It's interesting to see that some of the Nationalist bloggers seem to be treating Mark MacLachlan - of
The Universality of Cheese fame/infamy - as something of a martyr, while the more mainstream pro-independence blogs have been largely silent on the issue, thus reflecting the official SNP position that the real life version of Montague Burton is a maverick who had to be cut loose and arguably - from his perspective, at least - hung out to dry. Of course, this merely reflects the split in the Nationalist movement between those who might euphemistically be described as ultra-Nats (better not use the c-word!) and the mainstream/official SNP view, with the latter regarding the former as something of an embarrassment, although there does seems to be an element of Bloggers v The Rest of the World in play as well.
However, in a characteristically curiosity-fuelled rush of blood to the head I recently ventured into a
Scotsman thread on Cheese-gate, and mention was made of the bizarre case of Willie McRae, who twenty-odd years ago was a prominent lawyer and Scottish Nationalist who was almost elected to Westminster.

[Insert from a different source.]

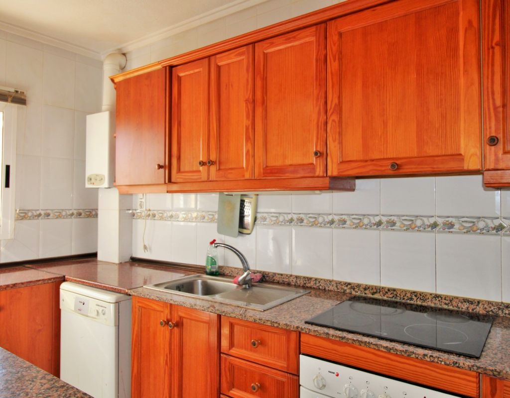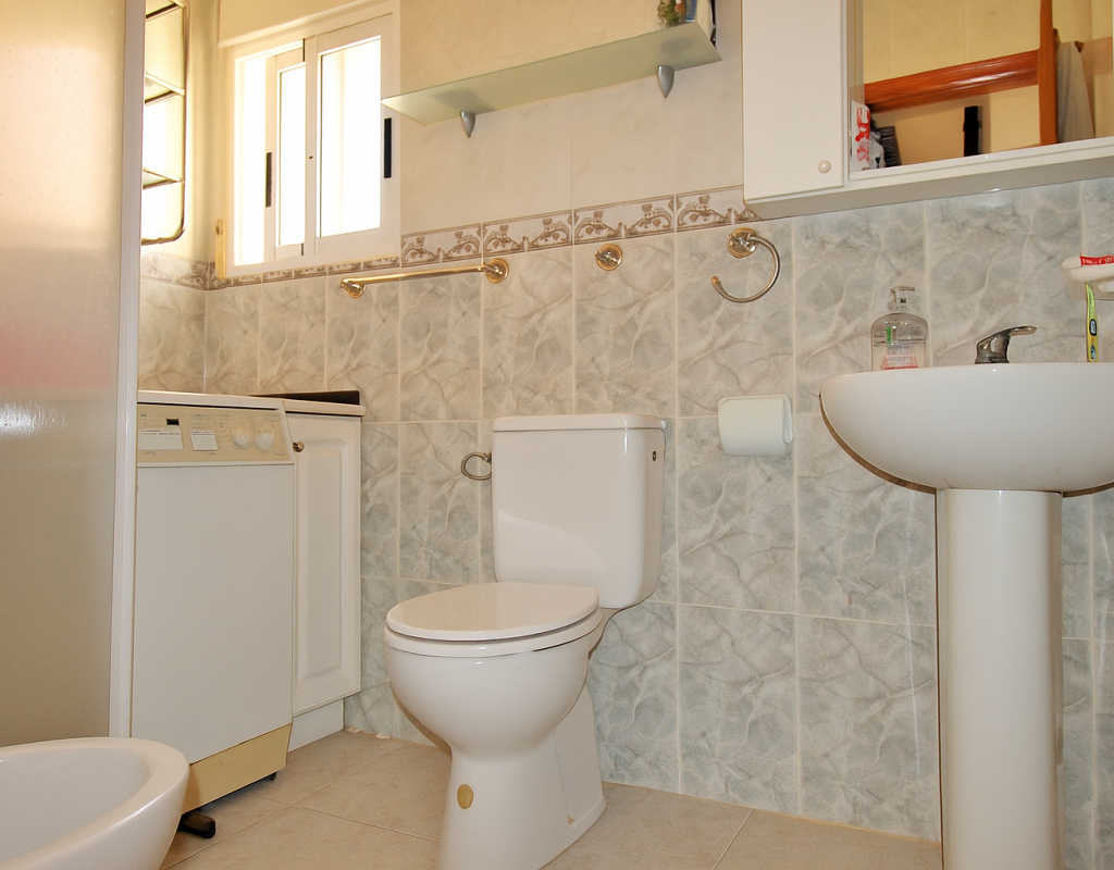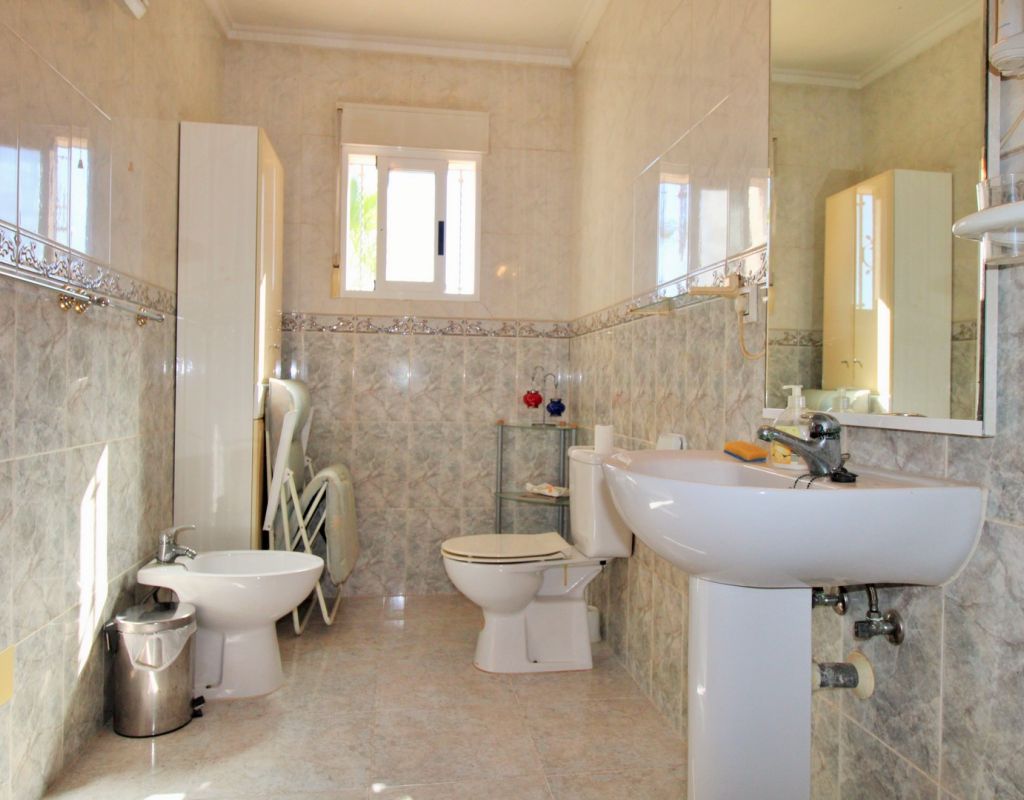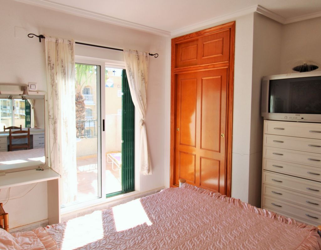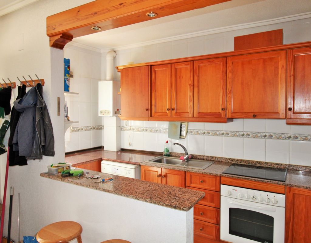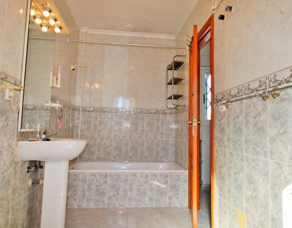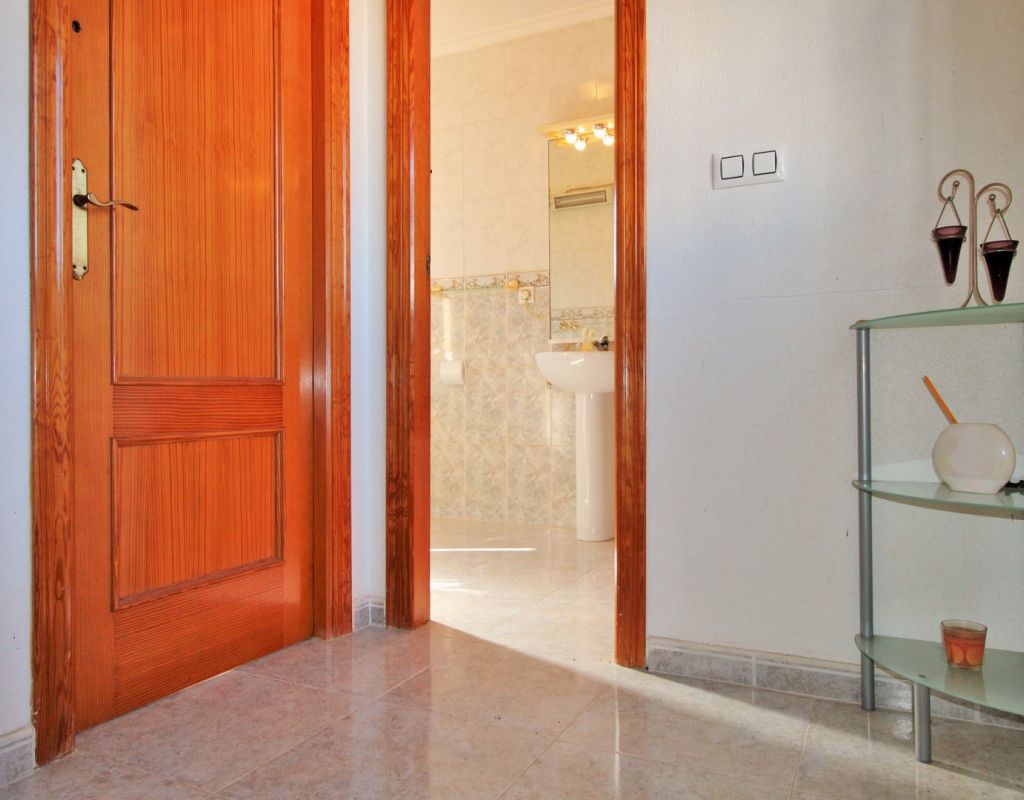 Substantial semi-detached townhouse with a large underbuild in the sought-after community of Montegolf VI in Villamartin. The property offers 3 bedrooms and 2 bathrooms in the main living accommodation, with additional flexible living space in the underbuild. Externally, the home benefits from a private rear garden, off-road parking, a front terrace, and a roof solarium. Residents also enjoy the use of a beautiful communal pool within the development. The main level features a raised front terrace leading into a bright living and dining area with feature fireplace, a fitted kitchen to the side, two double bedrooms, and a family bathroom. The upper floor offers the master bedroom with its own bathroom and direct access to the roof solarium. The spacious semi-basement level provides additional accommodation, currently used as a separate apartment comprising lounge area, three bedrooms, a bathroom, and a secondary kitchen. This space is ideal for guests, extended family, hobbies, fitness studio, or home office use. Located within a short walk of the Villamartin Plaza and golf course, and just a few minutes' drive to the beaches of the Orihuela Costa and the Zenia Boulevard shopping centre, this property offers excellent versatility in a highly popular residential setting.

Known for his anti-nuclear campaigning, he was found dead in mysterious circumstances in 1985. Initially thought to be the victim of a simple car accident, it later emerged that McRae had been shot in the head, with the conspiracy theorists suspecting British state involvement in his death, while a more prosaic explanation was simple suicide. But in some ways the official version of events is even more inconclusive than those pertaining to the assassination of John F Kennedy and the conviction of the Lockerbie bomber - it seems that officialdom has never publicly come to a definitive conclusion relating to the Glasgow lawyer's death.
However, the then SNP leader Gordon Wilson appointing Winnie Ewing to carry out an internal investigation into McRae's death, but when the Crown Office stonewalled her enquiries mainstream Nationalism effectively gave up on the case, and clearly devolution and two years of an SNP administration in Holyrood have changed nothing in this regard. As a
Herald article from 1995 puts it:
...to general astonishment, the SNP gave up. No prominent Nationalist has since immersed himself in the McRae mystery. It only fuelled the lunatic fringe -- now convinced that McRae had been a key subversive, finally silenced by the British State, whom even the SNP were desperate to disown.
Thus the suspicion that Willie McCrae was seen as something of a maverick by mainstream Nationalists and therefore became regarded as inimical to the SNP's modern image, which in turn has made him something of a martyr in ultra-Nat folklore.
Of course, Mark MacLachlan and the cybernats (oops, I've said it!) are a long way from Willie McCrae and his claimed links to the SNLA - the former lost his job and is being hailed as a hero by online militants, while the latter lost his life and was claimed to have links with the
SNLA - but if the official SNP line is perhaps that McRae
wasn't a maverick, then that certainly
doesn't seem to be the case with MacLachlan.
But with an out of court settlement a possible outcome of Mr MacLachlan's unfair dismissal
case, it might be that the truth surrounding Cheese-gate may remain as shrouded in mystery as the precise circumstances of Willie McRae's death.
(For a perspective leaning more towards the state conspiracy on McRae's death see
this more recent account from the
Daily Record. Alternative explanations for the inconclusive nature of the official account of events is that McRae's family preferred his background and suicide to remain under wraps, or that official cock-ups in the investigation resulted in a cover-up conspiracy from the authorities - shades of the likes of Lockerbie and Shirley McKie, perhaps. Of course, you can't believe everything you read anyway - for example, the
Record article states that David Coutts - a then Dundee SNP councillor who was among the first to see Willie McRae's body - was the fiancé of the doctor who examined the injured McRae but failed to spot the gunshot wound, whereas the
Herald states that the doctor's fiancé was in fact someone else but that David Coutts had been travelling in the same car as them, with his wife.)